*** Begin section ***

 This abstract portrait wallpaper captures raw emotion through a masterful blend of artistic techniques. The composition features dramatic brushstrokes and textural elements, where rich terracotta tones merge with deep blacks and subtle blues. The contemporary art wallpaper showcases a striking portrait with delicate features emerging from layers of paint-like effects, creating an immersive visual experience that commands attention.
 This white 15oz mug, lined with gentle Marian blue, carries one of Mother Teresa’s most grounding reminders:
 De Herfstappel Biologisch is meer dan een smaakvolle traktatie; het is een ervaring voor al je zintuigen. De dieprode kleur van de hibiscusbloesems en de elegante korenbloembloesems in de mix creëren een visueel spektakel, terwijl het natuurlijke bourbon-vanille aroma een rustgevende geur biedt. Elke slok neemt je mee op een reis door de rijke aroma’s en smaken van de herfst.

*** End section ***
*** Begin section ***

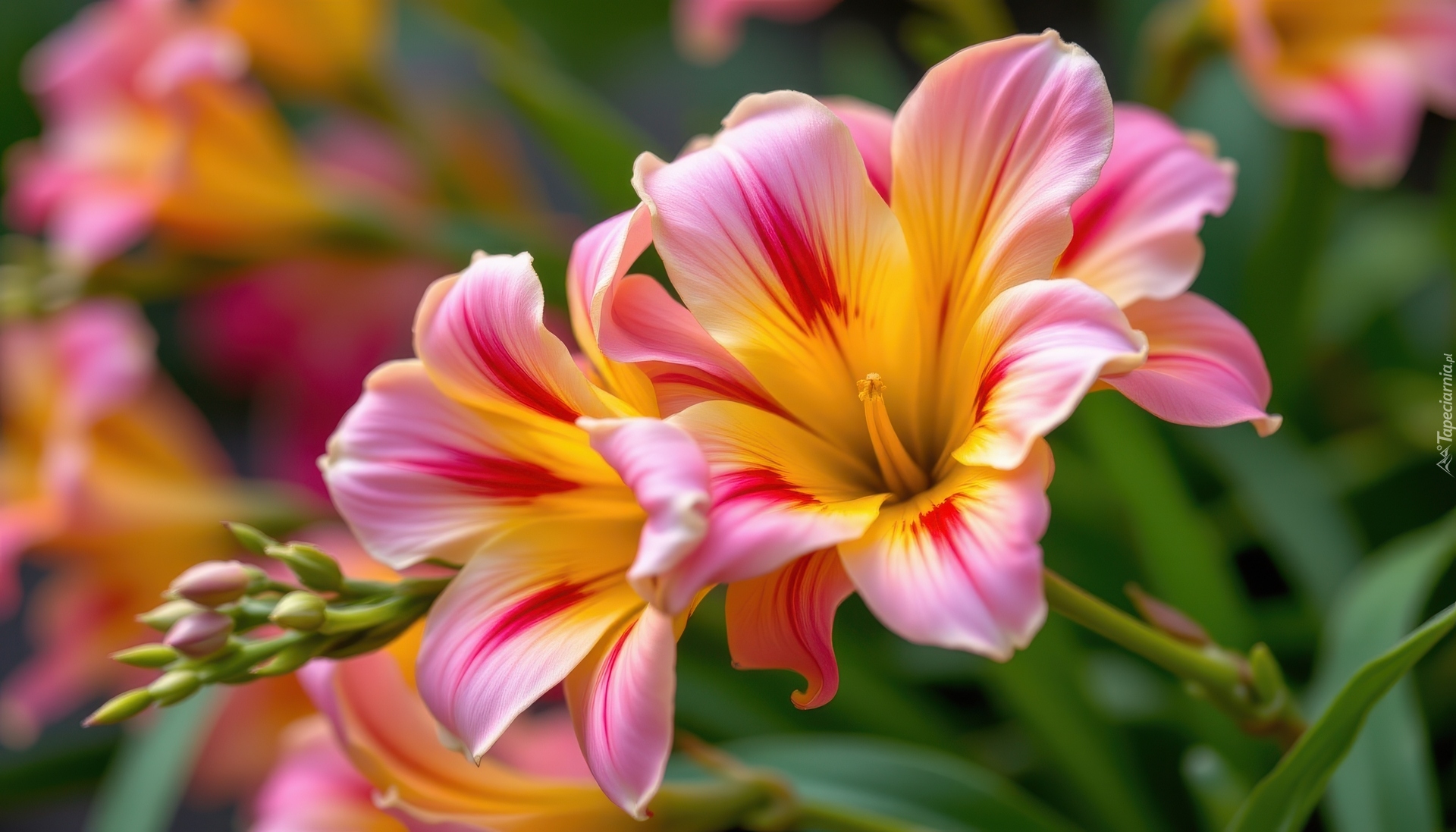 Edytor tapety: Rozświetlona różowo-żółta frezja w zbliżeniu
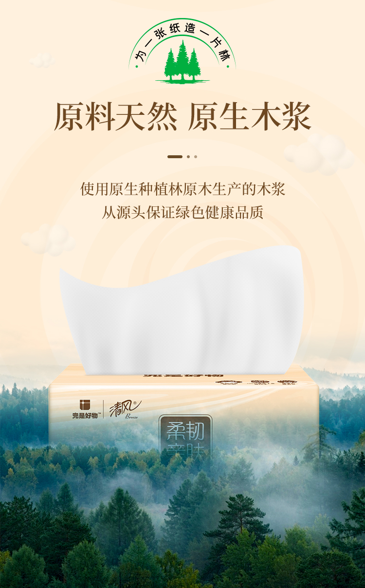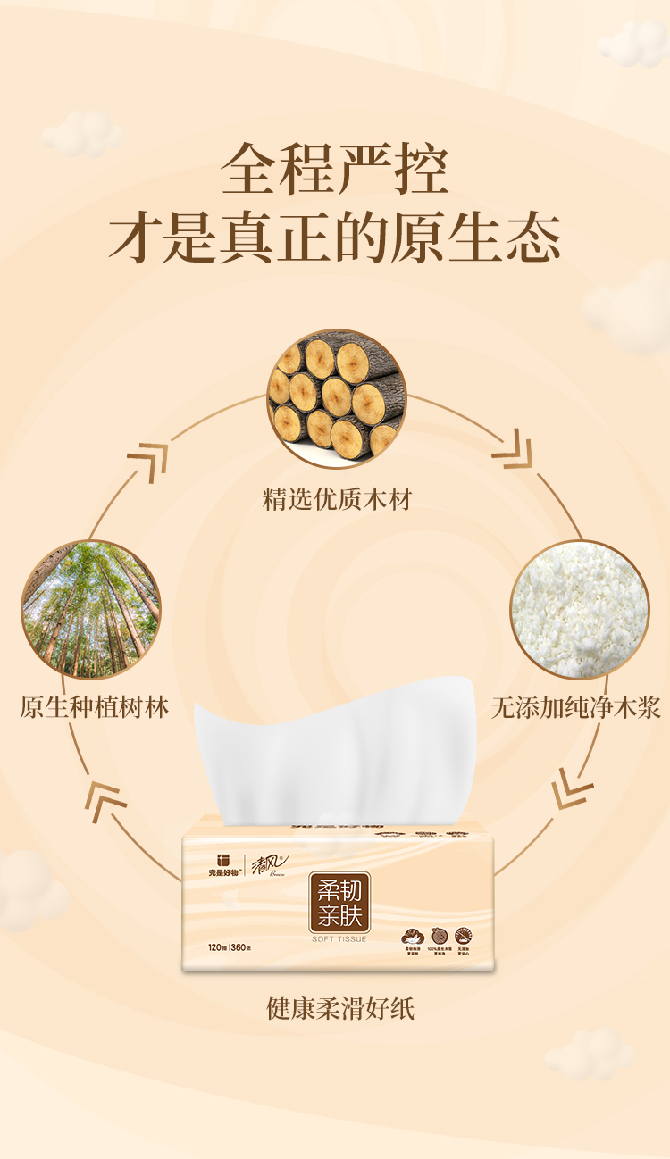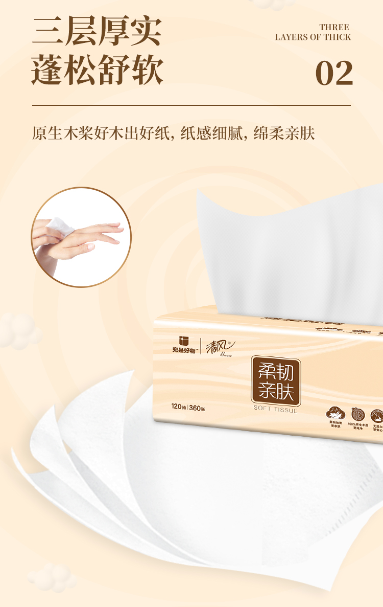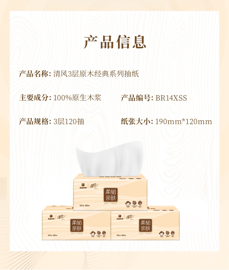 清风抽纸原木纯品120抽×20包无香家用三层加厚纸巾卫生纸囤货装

*** End section ***

▶ _DIRECTIONS FOR THIS TASK_: Give again, word for word, every line of the listing above from the one with "This abstract portrait" to the one with "De Herfstappel Biologisch", both inclusive, and nothing beyond them.

▶ _EXERCISE OUTPUT_:
 This abstract portrait wallpaper captures raw emotion through a masterful blend of artistic techniques. The composition features dramatic brushstrokes and textural elements, where rich terracotta tones merge with deep blacks and subtle blues. The contemporary art wallpaper showcases a striking portrait with delicate features emerging from layers of paint-like effects, creating an immersive visual experience that commands attention.
 This white 15oz mug, lined with gentle Marian blue, carries one of Mother Teresa’s most grounding reminders:
 De Herfstappel Biologisch is meer dan een smaakvolle traktatie; het is een ervaring voor al je zintuigen. De dieprode kleur van de hibiscusbloesems en de elegante korenbloembloesems in de mix creëren een visueel spektakel, terwijl het natuurlijke bourbon-vanille aroma een rustgevende geur biedt. Elke slok neemt je mee op een reis door de rijke aroma’s en smaken van de herfst.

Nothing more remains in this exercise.